Seth alquiló un ático lujoso en lo que llamaban el Hotel de los Corazones Rotos, en Broadway. Era un moderno edificio de apartamentos amueblados, pequeños y caros, ocupados en su mayoría por hombres que acababan de romper con sus esposas. Sarah alquiló un piso pequeño y acogedor en un edificio de estilo Victoriano en la calle Clay. Tenía dos dormitorios, uno para ella y otro para los niños. Disponía de aparcamiento para un coche y un diminuto jardín. Los alquileres habían caído en picado desde el terremoto, así que lo consiguió a buen precio; además podría ocuparlo a partir del primero de junio.

Fue a ver a Maggie a Presidio para contarle lo que estaba haciendo. La monja lo sintió por ella, pero le impresionó ver que seguía adelante y tomaba decisiones sensatas y prudentes. A Seth no se le ocurrió otra cosa que comprarse un nuevo Porsche, para sustituir el Ferrari que había perdido; debió de hacer algún trato por el que no tenía que pagar por adelantado, lo cual puso furioso a su abogado. Le dijo que era el momento de ser humilde, no fanfarrón. Había perjudicado a mucha gente con sus operaciones y su extravagancia no impresionaría favorablemente al juez. Sarah compró un Volvo familiar de segunda mano, para sustituir su aplastado Mercedes. Había enviado sus joyas a Los Ángeles para que las vendieran. Todavía no les había contado nada a sus padres, que de todos modos no habrían podido ayudarla, aunque al menos le habrían dado su apoyo. Hasta el momento, por algún milagro, la acusación contra Seth no había salido en la prensa, ni tampoco la de Sully, pero sabía que no tardaría mucho en hacerlo. Entonces la mierda empezaría a salpicar, más de lo que ya lo había hecho.

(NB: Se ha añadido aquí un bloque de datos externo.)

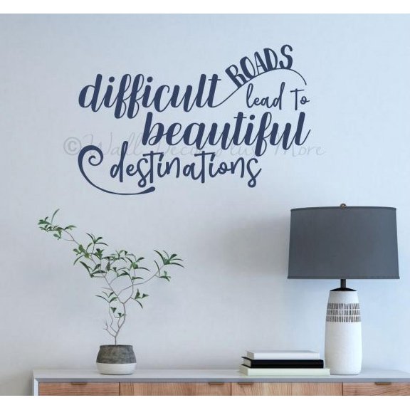 Difficult Roads Lead to Beautiful Destinations - Inspirational Quotes Wall Decals - 17" x 20" - Bedroom Living Room Decor Vinyl Wall Decals - Motivational Quote Wall Decal

Everett pasó varios días editando sus fotos. Había entregado las mejores a la revista Scoop, que había dedicado varias páginas al terremoto de San Francisco. Como era previsible, en portada habían puesto una de Melanie con sus pantalones de camuflaje. De Maggie solo publicaron una, en la que la identificaban como una monja que trabajaba de voluntaria en el hospital de campaña de San Francisco, después del seísmo.

Vendió otras fotos a USA Today y a Associated Press, una a The New York Times y varias a Time y Newsweek. Scoop le había autorizado a hacerlo, ya que ellos tenían más de las que utilizarían y no querían dar tanta cobertura al terremoto. Les gustaban mucho más las noticias de celebridades; habían publicado seis páginas de Melanie y solo tres del resto. Everett había escrito el artículo, en el que hacía grandes elogios de los residentes y de la ciudad. Guardaba un ejemplar de la revista que quería enviar a Maggie. Pero, sobre todo, tenía docenas de fotos absolutamente espectaculares de ella. Su aspecto era luminoso en las instantáneas en las que aparecía cuidando a los heridos. En una de ellas sostenía en brazos a un niño que lloraba y consolaba a un anciano con una brecha en la cabeza, bajo una tenue luz… en otras estaba riendo, con aquellos brillantes ojos azules, mientras hablaba con él… pero había una en particular, disparada cuando se alejaban en el autobús, en la que la mirada de sus ojos era tan triste y desolada que casi lo hizo llorar. Había colgado fotografías suyas por todo el piso. Lo miraban mientras desayunaba por la mañana, mientras estaba sentado a su escritorio por la noche, o cuando estaba tumbado en la cama y se quedaba contemplándola durante horas. Quería hacer copias de todas para dárselas a ella y, finalmente, las hizo. No estaba seguro de adonde enviarlas. La había llamado varias veces al móvil, pero nunca contestaba. Ella le había devuelto sus llamadas dos veces, pero tampoco lo había encontrado. Parecía que estuvieran jugando al ratón y al gato; ambos estaban muy ocupados, así que no habían hablado desde que él dejó San Francisco. La echaba terriblemente de menos; quería que viera las preciosas fotografías que le había hecho y enseñarle algunas de las otras.